Machine Learning in Security Applications

Machine learning (ML) is revolutionizing security by addressing key challenges in authentication and malware detection. In continuous authentication, ML model tracks user behavior to verify identity without constant password prompts. Usable authentication methods, like combining passphrases with keystroke dynamics, boost security while staying user-friendly. In malware detection, ML tools like AutoYara speed up malware identification by automating Yara rule creation. This article explores the role of ML in these security applications.

Continuous Authentication

Authentication and authorization are distinct yet interconnected components of system security. Authentication verifies a user’s identity, ensuring they are who they claim to be, while authorization determines the resources or actions the user is permitted to access. Traditional authentication methods, such as passwords, have many security problems. For instance, if a device is left unattended or stolen, an adversary can gain unauthorized access. Continuous authentication offers a more secure alternative authentication by repeatedly verifying a user’s identity throughout a session. However, relying on repeated password prompts for continuous authentication compromises usability, as it can frustrate users and increase the time spent on the authentication process. Additionally, the widespread issue of password leakage further undermines the reliability of such methods.

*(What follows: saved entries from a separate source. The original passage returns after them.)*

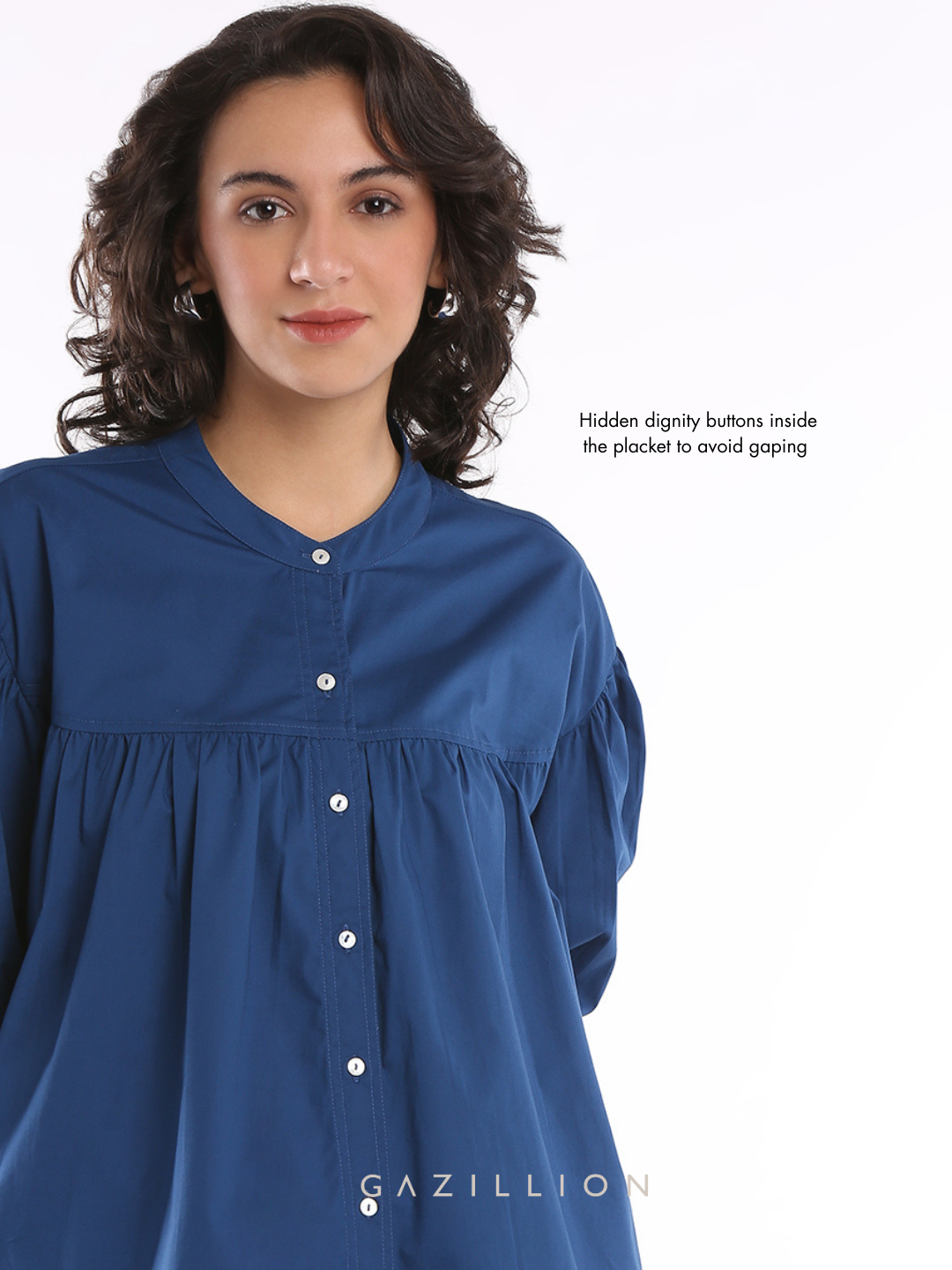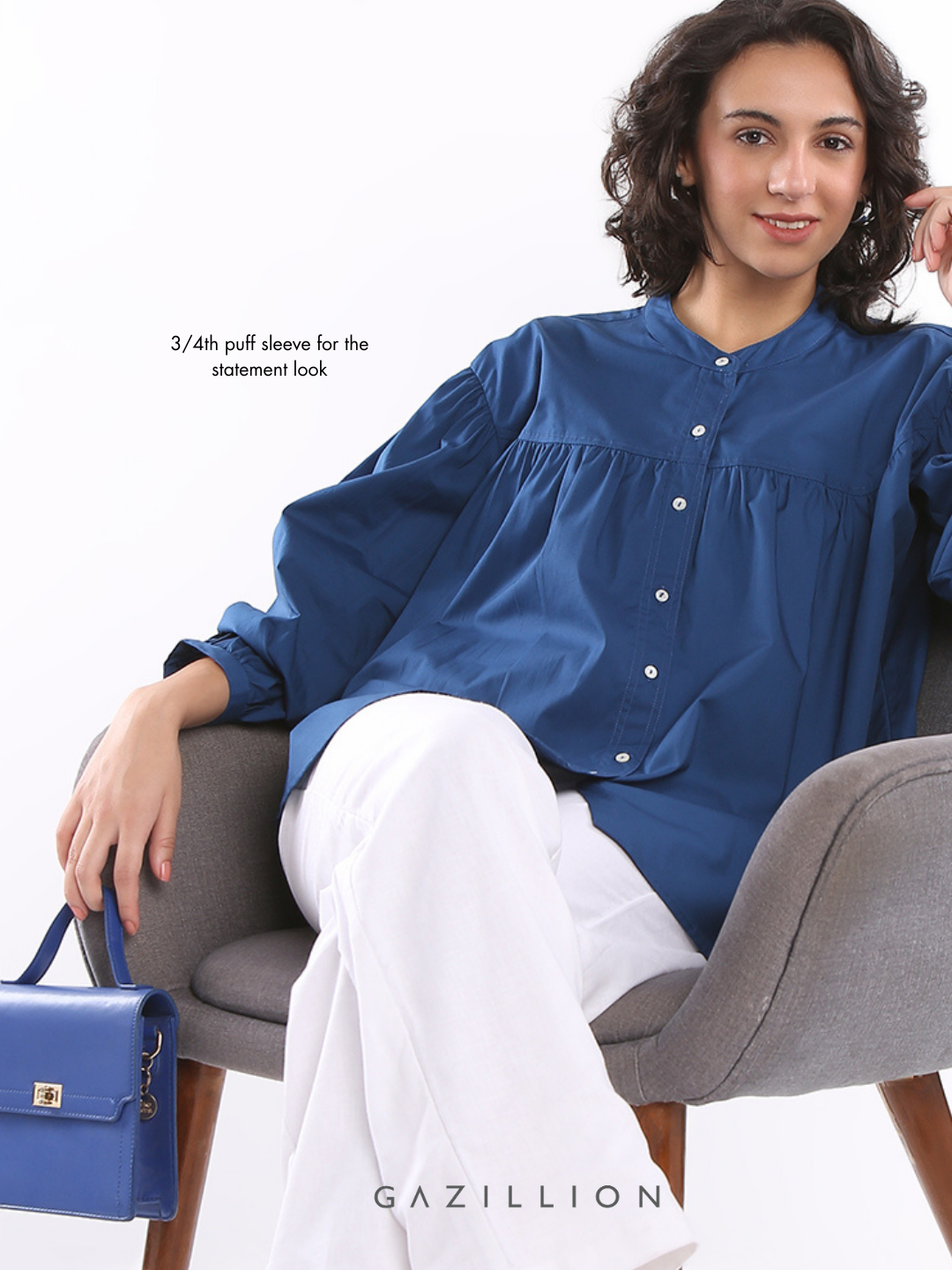 Oh the beautiful gathers of this shirt! The Ellie shirt is the most elegant and stylish shirt that you will have in your wardrobe and your go to choice for office-wear or work-wear. The soft cotton is very comfortable and the gathers make this shirt breezy and great for a day packed with activity. Wear it with white pants or jeans for a airport ready look.
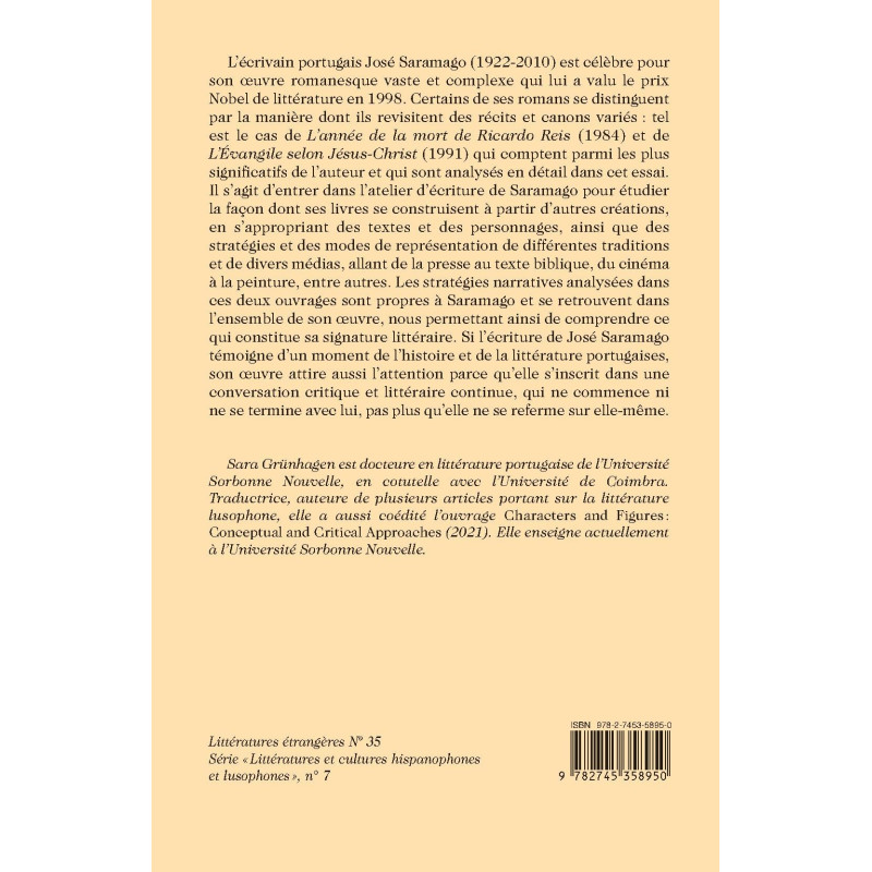 L’écrivain portugais José Saramago (1922-2010) est célèbre pour son œuvre romanesque vaste et complexe qui lui a valu le prix Nobel de littérature en 1998. Certains de ses romans se distinguent par la manière dont ils revisitent des récits et canons variés : tel est le cas de L’année de la mort de Ricardo Reis (1984) et de L’Évangile selon Jésus-Christ (1991) qui comptent parmi les plus significatifs de l’auteur et qui sont analysés en détail dans cet essai. Il s’agit d’entrer dans l’atelier d’écriture de Saramago pour étudier la façon dont ses livres se construisent à partir d’autres créations, en s’appropriant des textes et des personnages, ainsi que des stratégies et des modes de représentation de différentes traditions et de divers médias, allant de la presse au texte biblique, du cinéma à la peinture, entre autres. Les stratégies narratives analysées dans ces deux ouvrages sont propres à Saramago et se retrouvent dans l’ensemble de son œuvre, nous permettant ainsi de comprendre ce qui constitue sa signature littéraire. Si l’écriture de José Saramago témoigne d’un moment de l’histoire et de la littérature portugaises, son œuvre attire aussi l’attention parce qu’elle s’inscrit dans une conversation critique et littéraire continue, qui ne commence ni ne se termine avec lui, pas plus qu’elle ne se referme sur elle-même.
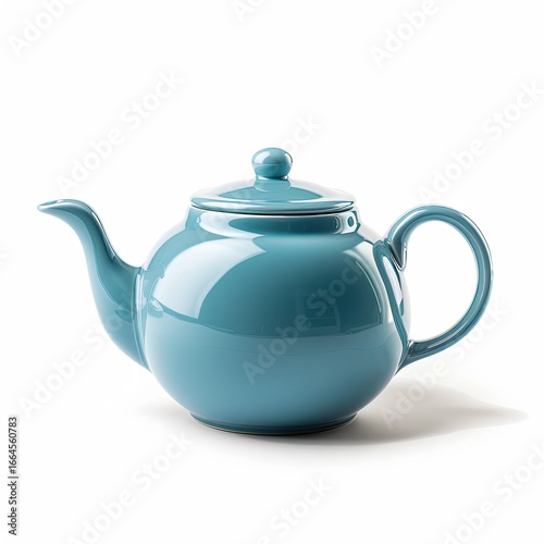 teakettle, teal, ceramic, teapot, kettle, rounded, glossy, smooth, handle, lid, spout, kitchen, home, vintage, simple, porcelain, bright, blue, colours, object, cooking, vessel, drinking, hot, water, drink, brew, cup, tea, british, style, classic, modern, elegant, isolated, white, background, studio, still, life, product, design
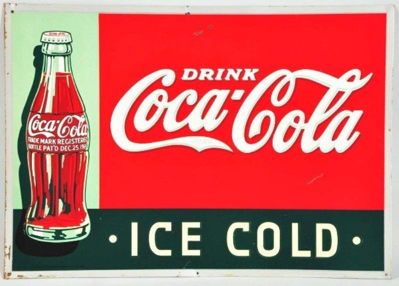 1937 Coca-Cola Embossed Tin Advertising Sign.
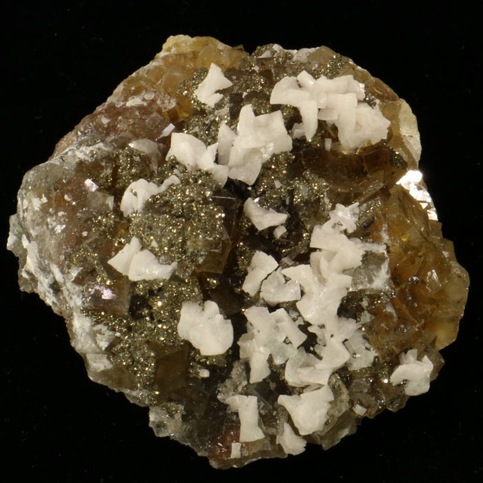 Dolomit & Pyrit auf gelbem Fluorit
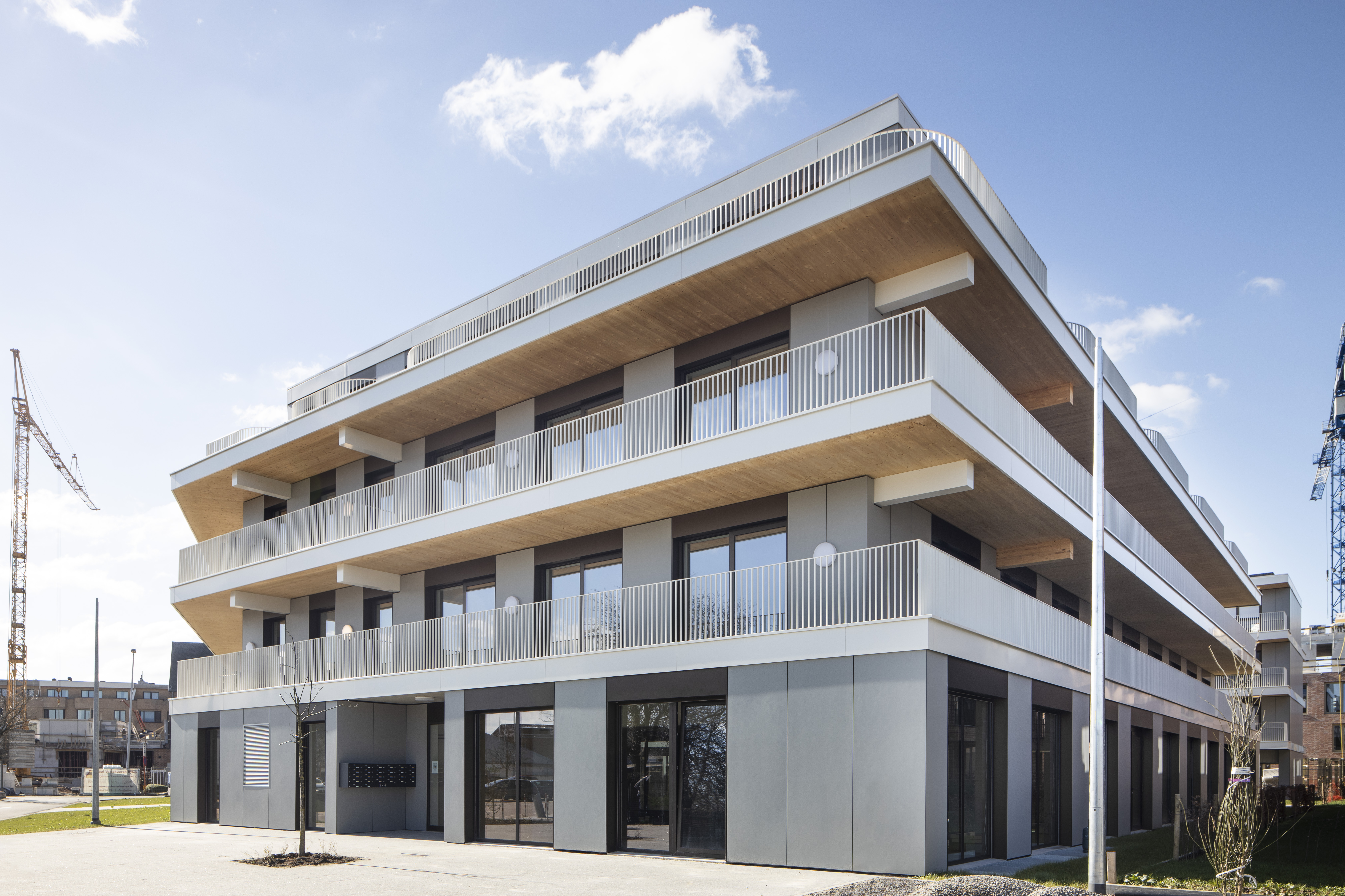 Welke leerpunten neemt Michiel mee naar zijn volgende projecten? “Een eerste leerpunt is dat ik nog sneller de CLT-fabrikant bij het ontwerp moet betrekken. Die weet precies wat kan en niet kan. Mijn tweede leerpunt sluit daarbij aan: als het aan mij ligt, bouwen we voortaan alles in CLT. Bij de vorige projecten hebben we ook nog andere technieken gebruikt. Bijvoorbeeld de kolommen en liftschachten zijn van beton. Het gebouw in Geel dat het dichtste bij het treinspoor ligt, is ook niet in CLT, omdat we bang waren voor de akoestiek. Maar intussen zijn we 7 à 8 jaar verder en is het materiaal geëvolueerd. Als de fabrikant dan van bij de start mee in het ontwerp zit, trekken we CLT – en dus duurzaamheid – nog radicaler door.”
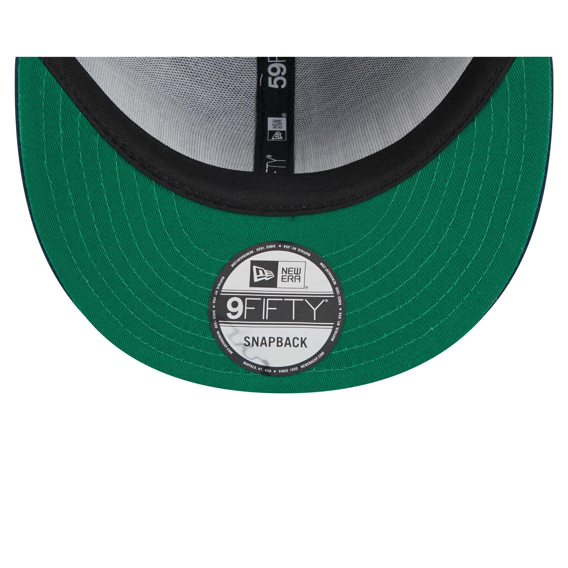 The Dallas Mavericks Satin Pin 9FIFTY Snapback features an embroidered Mavericks wordmark at the front panels against a satin fabrication throughout the cap and a logo at the right-wear side. Additional details include a New Era Pin at the front left panel a snapback closure at the rear, and a green undervisor.
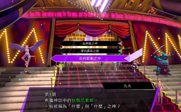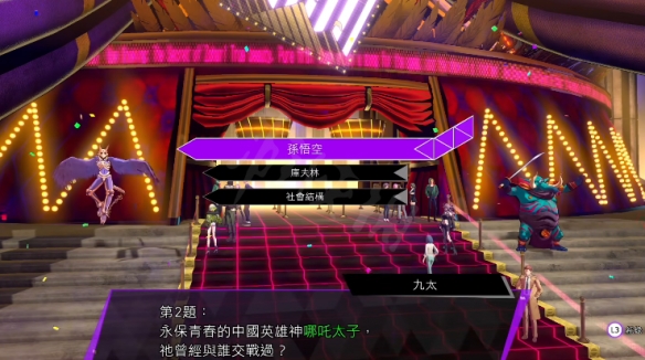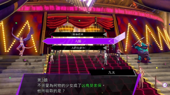 來到馬戲團業魔殿門口與九太對話,需要答4道題
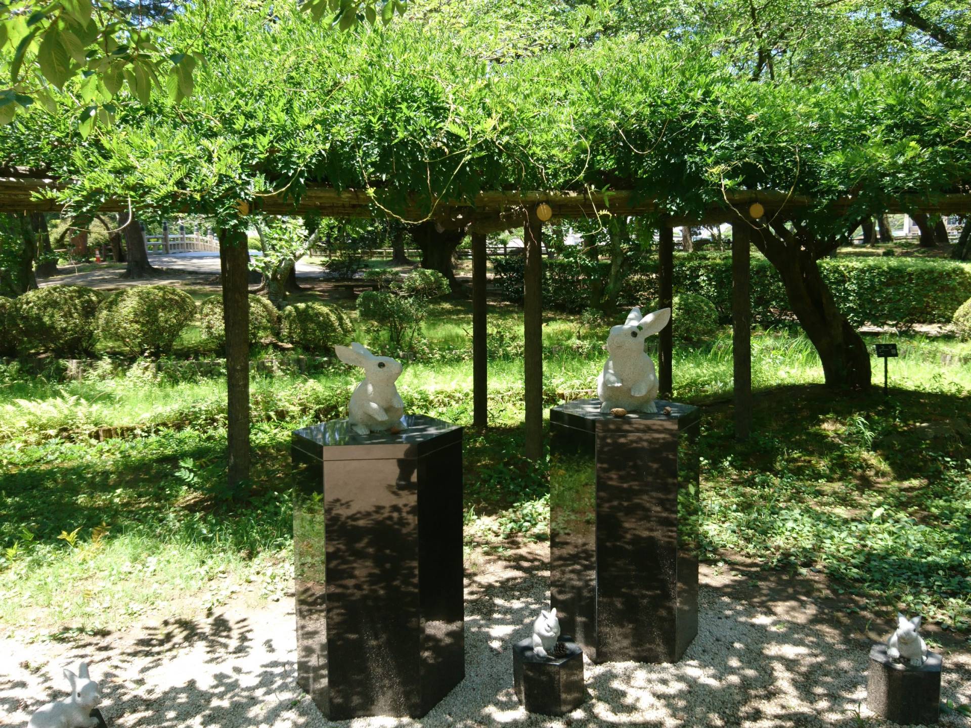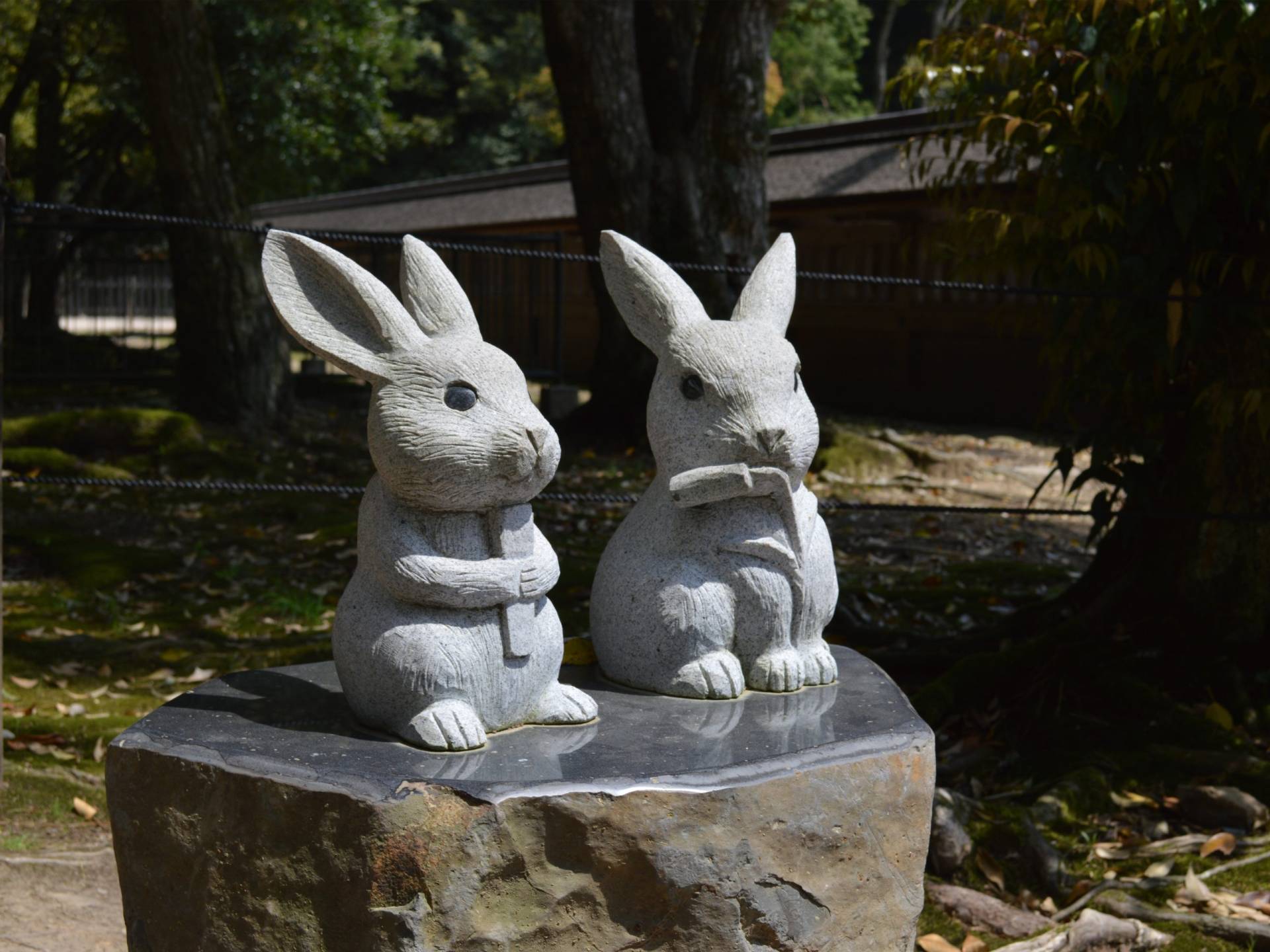 うさぎさん達は主に、御本殿裏、神苑、神楽殿周辺、祖霊社の周辺にて皆さんを待っているため、勢溜の大鳥居(正面)からまっすぐに拝殿へお参りし、そのまま神楽殿へと向かってしまうと出会うことができませんので、ぜひ境内をお散歩し表情豊かなうさぎさん達とふれあってみてください!

To address these challenges, Giovanini et al.[1] investigated the use of computer usage profiles as a means to enhance security while maintaining usability. A computer usage profile is a digital representation of a user based on their typical usage patterns. The authors collected network events (sites accessed, frequency, and patterns of online activity), process events (applications opened and used), and mouse and keystroke dynamics (frequency and patterns of physical interaction) from 31 participants over 8 weeks. Their findings revealed that most users exhibit consistent usage patterns over time. They discovered that including background process activity increased temporal correlations in the profiles, suggesting that the model captured computer-specific behavior rather than user behavior. The authors also found that computer usage profiling has the potential to uniquely characterize computer users. They compared both online and offline models for profiling. Online models, which adapt to gradual changes in user behavior, outperformed offline models in accuracy and robustness to temporal changes in profiles. Offline models, on the other hand, are less effective when user behavior evolved after initial training. They also found that network-related events are the most relevant features to accurately recognize profiles.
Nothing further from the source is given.